During our third hour at church Sunday, I reread the account of the creation. God starts His family with Adam, a man after His own heart. Then He gives Adam a help meet for him, a woman, who was after the heart of the man. He commands them to multiply and replenish the earth and to take good care of the garden. In essence, He asks all of us to take care of what He created. Sometimes, there are things to cut. Sometimes there are things to plant or dung or prune. It is not up to us to decide whom to hurt or snub or ostracize or favor. God alone directs how the family operates. He asks us to love our families even when they hurt us, betray us, feed us fruit from the adversary or cause us to be cast out. It's not an easy thing, but it's impossible until you try. Some of us don't treat each other like family. Some of us treat each other like enemies and enemas, to be cut off or cut down in order to advance ourselves. Paradoxically, we hurt ourselves when we do this.

I have been watching the CW's dramatization of Kass Morgan's novel about The 100. The more they fight each other, the more they weaken their prospects to survive. Although they are more related than they know, they decide on criminal behaviors over Christian behaviors only to weaken themselves against their enemies. Like those woebegone survivors, we came down to this earth to live, and we are all we have. Either we hang together or assuredly we will hang separately. We may not like each other, but we are a family, and when we behave inhumanely towards man, we evince that we hate ourselves most of all. These two laws above all the others- love God the Father and love one another. That's all we really have to do. If it's not love, abstain. Doing nothing means at least doing no more harm than already exists. In the worst case when we ignore others we at least don't make it worse. In the best case, when we try to help maybe we help our own survival.

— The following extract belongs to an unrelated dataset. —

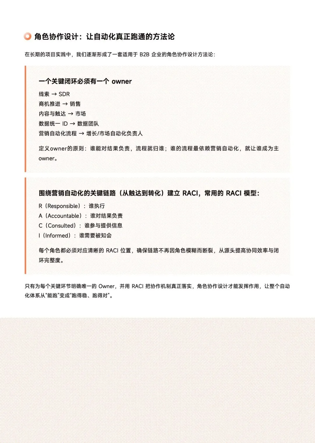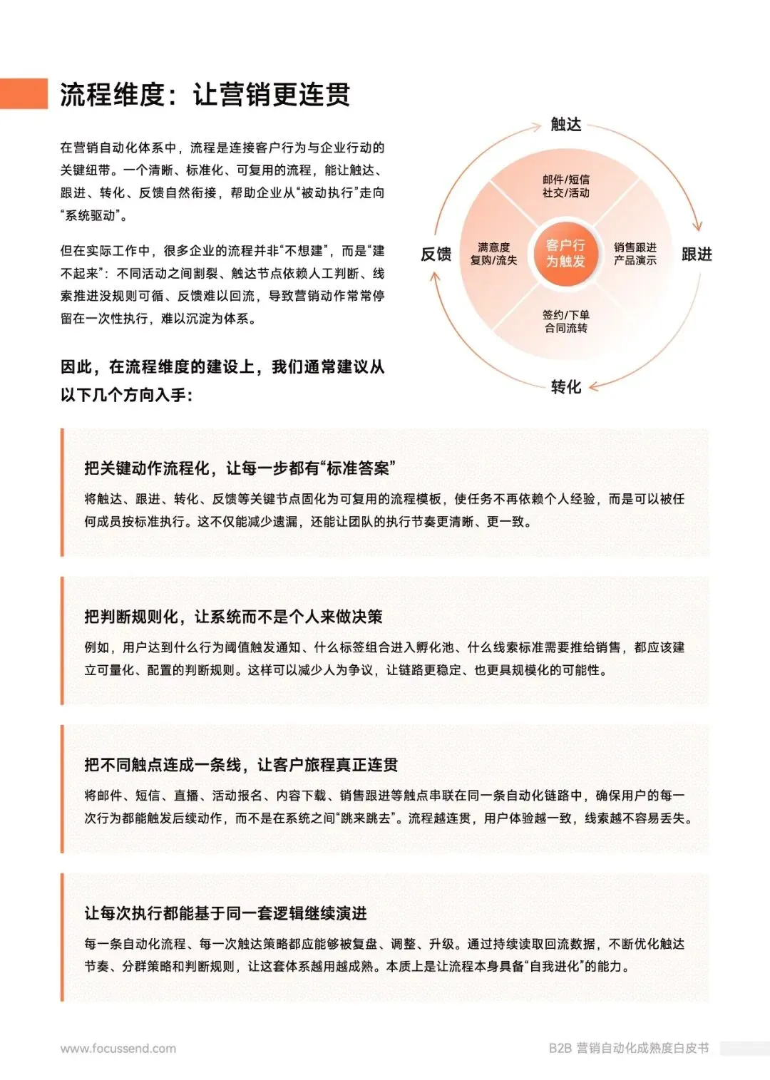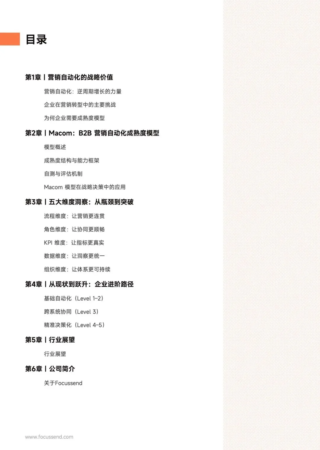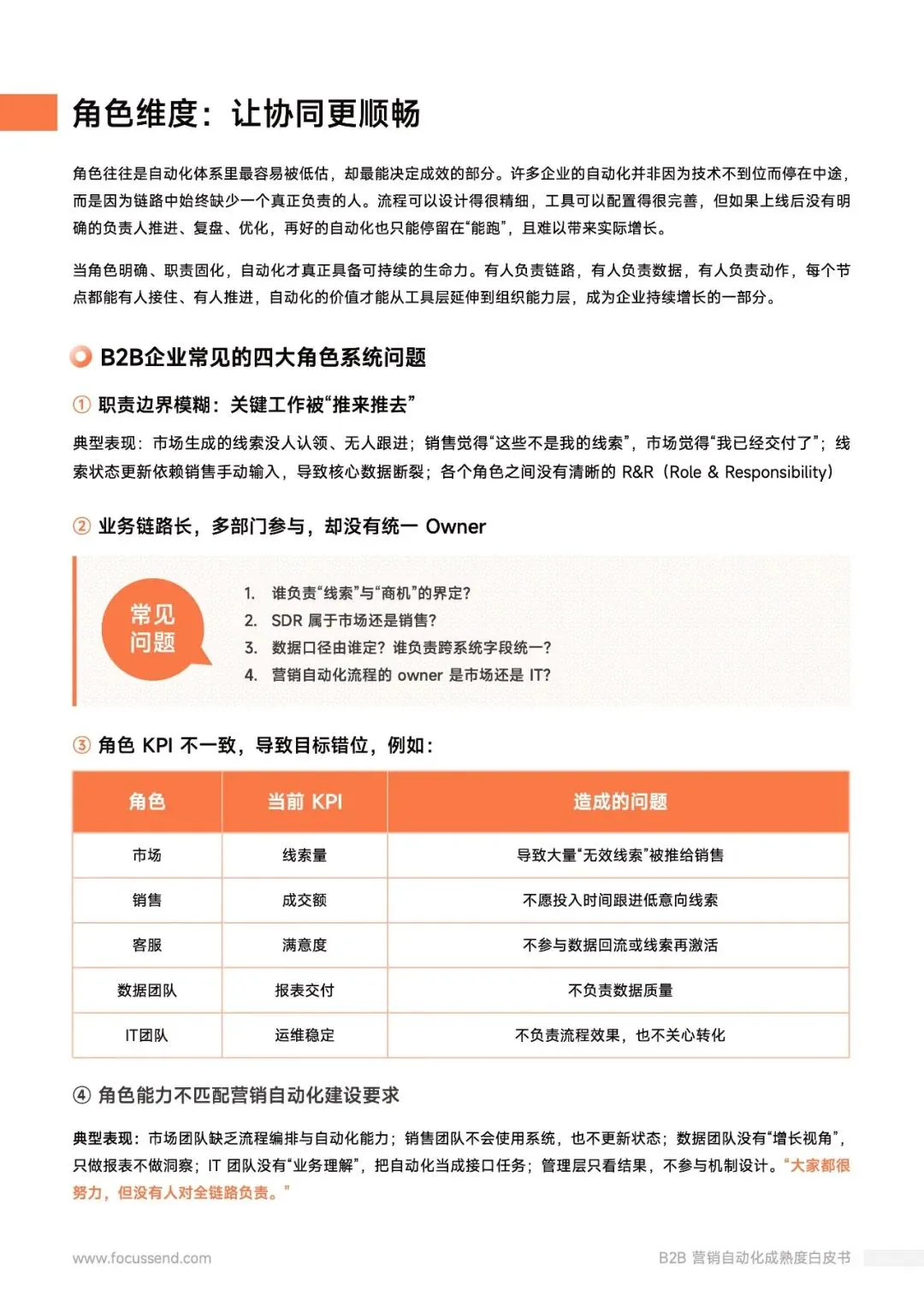 B2B营销自动化正从“效率工具”升级为“增长操作系统”,其成熟度决定了企业在逆周期中的韧性。报告指出,85%的企业在预算收紧下仍保持或增加营销自动化投入,但多数企业卡在“工具在跑、体系没动”的困境。Focussend提出的Macom模型将成熟度分为五级,并揭示瓶颈往往不在技术,而在角色与组织维度——大量企业数据、流程得分尚可,却因缺少跨部门协同的Owner,链路始终跑不顺。一个生物医药案例显示,数据维度仅得1分,导致无法支撑分层触达;而某科技企业因角色维度仅2分,被校正回Level3。从人工到自动化易,从自动到协同难,真正的分水岭是“有没有人为全链路负责”。

The tale is told of a wealthy man on a journey to a distant country. Along the way, he comes across a man begging for money in the cold who has no coat. He gives the man some coins as well as his cowl and tells the beggar, "I have money and you have need, and perhaps the day will come when you have money and I have need". Sure enough, one day the prospects were reversed, and the first man, now brought low to poverty from his once lofty station receives beneficence from the beggar he once met. "Now I have money and you have need, and what I have literally is yours." In saving our lives, in saving each other, ultimately we may indeed save ourselves. We believe in Karma, in the Law of the Harvest. If we want to survive, to thrive, and to live, then it behooves us to help other members of our own family do so, even if we don't know or like them. Maybe the soul we save will ultimately be our own.